На прошлой неделе русские собаки у мичицких сено сожгли, раздерись их
лицо, – злобно прохрипел старик.
Вошел
мюрид Хаджи-Мурата и, мягко ступая большими шагами своих сильных ног по
земляному полу, так же как Хаджи-Мурат, снял бурку, винтовку и шашку и, оставив
на себе только кинжал и пистолет, сам повесил их на те же гвозди, на которых
висело оружие Хаджи-Мурата.
– Он
кто? – спросил старик у Хаджи-Мурата, указывая на вошедшего.
– Мюрид
мой. Элдар имя ему, – сказал Хаджи-Мурат.
– Хорошо, –
сказал старик и указал Элдару место на войлоке, подле Хаджи-Мурата.
Элдар
сел, скрестив ноги, и молча уставился своими красивыми бараньими глазами на лицо
разговорившегося старика. Старик рассказывал, как ихние молодцы на прошлой
неделе поймали двух солдат: одного убили, а другого послали в Ведено к Шамилю.
Хаджи-Мурат рассеянно слушал, поглядывая на дверь и прислушиваясь к наружным
звукам. Под навесом перед саклей послышались шаги, дверь скрипнула, и вошел
хозяин.
Хозяин
сакли, Садо, был человек лет сорока, с маленькой бородкой, длинным носом и такими
же черными, хотя и не столь блестящими глазами, как у пятнадцатилетнего
мальчика, его сына, который бегал за ним и вместе с отцом вошел в саклю и сел у
двери.
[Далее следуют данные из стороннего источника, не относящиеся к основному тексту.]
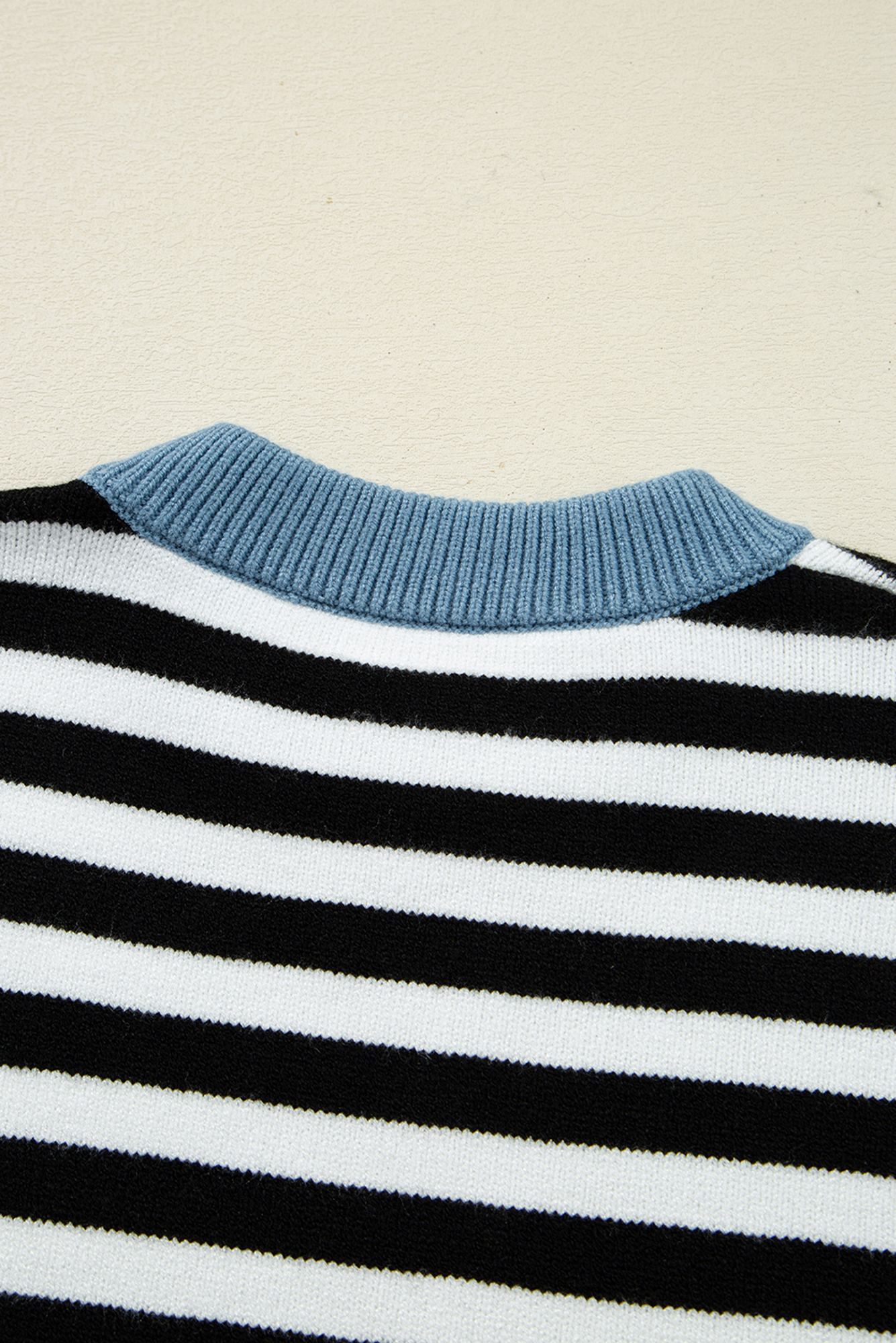 Meet Julieta Colorblock Sleeve Chic Sweater—effortless, flattering, and easy to style for everyday life. This chic sweater features a striped body with color block sleeves patchwork. Both the innovative colorblock and classic stripes are sure to make this knitted top stand out. Crafted from premium knit fabric, this comfortable striped sweater offers both style and cozy warmth. This versatile top pairs effortlessly with jeans, skirts, and tailored pants for various occasions. bulk sweaters cheaply with the latest fashion styles and fine quality. Material: 52%Viscose+26%Polyester+22%Polyamide.

Сняв у двери деревянные башмаки, хозяин сдвинул на затылок давно не
бритой, зарастающей черным волосом головы старую, истертую папаху и тотчас же
сел против Хаджи-Мурата на корточки.
Так же
как и старик, он, закрыв глаза, поднял руки ладонями кверху, прочел молитву,
отер руками лицо и только тогда начал говорить. Он сказал, что от Шамиля был
приказ задержать Хаджи-Мурата, живого или мертвого, что вчера только уехали
посланные Шамиля, и что народ боится ослушаться Шамиля, и что поэтому надо быть
осторожным.
– У
меня в доме, – сказал Садо, – моему кунаку, пока я жив, никто ничего
не сделает. А вот в поле как? Думать надо.
Хаджи-Мурат
внимательно слушал и одобрительно кивал головой. Когда Садо кончил, он сказал:
– Хорошо.
Теперь надо послать к русским человека с письмом. Мой мюрид пойдет, только
проводника надо.
– Брата
Бату пошлю, – сказал Садо. – Позови Бату, – обратился он к сыну.
Мальчик,
как на пружинах, вскочил на резвые ноги и быстро, махая руками, вышел из сакли.
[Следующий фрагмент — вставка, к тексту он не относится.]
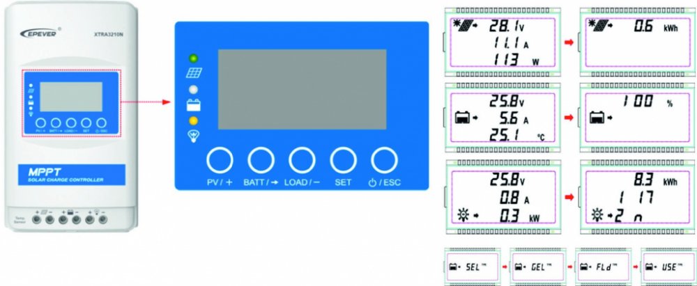 Nastavení parametrů regulátoru (hlavně se jedná o typ používané baterie) se provádí pomocí vestavěného LCD, nebo externího displeje MT50 - není součástí regulátoru

Минут через десять он вернулся с черно-загорелым, жилистым, коротконогим
чеченцем в разлезающейся желтой черкеске с оборванными бахромой рукавами и
спущенных черных ноговицах. Хаджи-Мурат поздоровался с вновь пришедшим и тотчас
же, также не теряя лишних слов, коротко сказал:
– Можешь
свести моего мюрида к русским?
– Можно, –
быстро, весело заговорил Бата. – Все можно. Против меня ни один чеченец не
сумеет пройти. А то другой пойдет, все пообещает, да ничего не сделает. А я
могу.
– Ладно, –
сказал Хаджи-Мурат. – За труды получишь три, – сказал он, выставляя
три пальца.
Бата
кивнул головой в знак того, что он понял, но прибавил, что ему дороги не
деньги, а он из чести готов служить Хаджи-Мурату. Все в горах знают
Хаджи-Мурата, как он русских свиней бил…
– Хорошо, –
сказал Хаджи-Мурат. – Веревка хороша длинная, а речь короткая.
– Ну,
молчать буду, – сказал Бата.
– Где
Аргун заворачивает, против кручи, поляна в лесу, два стога стоят. Знаешь?
– Знаю.
– Там
мои три конные меня ждут, – сказал Хаджи-Мурат.
– Айя! –
кивая головой, говорил Бата.
– Спросишь
Хан-Магому. Хан-Магома знает, что делать и что говорить. Его свести к русскому
начальнику, к Воронцову, князю. Можешь?
– Сведу.
– Свести
и назад привести. Можешь?
– Можно.
– Сведешь,
вернешься в лес. И я там буду.
– Все
сделаю, – сказал Бата, поднялся и, приложив руки к груди, вышел.
– Еще
человека в Гехи послать надо, – сказал Хаджи-Мурат хозяину, когда Бата
вышел. – В Гехах надо вот что, – начал было он, взявшись за один из
хозырей черкески, но тотчас же опустил руку и замолчал, увидав входивших в
саклю двух женщин.
Одна
была жена Садо, та самая немолодая, худая женщина, которая укладывала подушки.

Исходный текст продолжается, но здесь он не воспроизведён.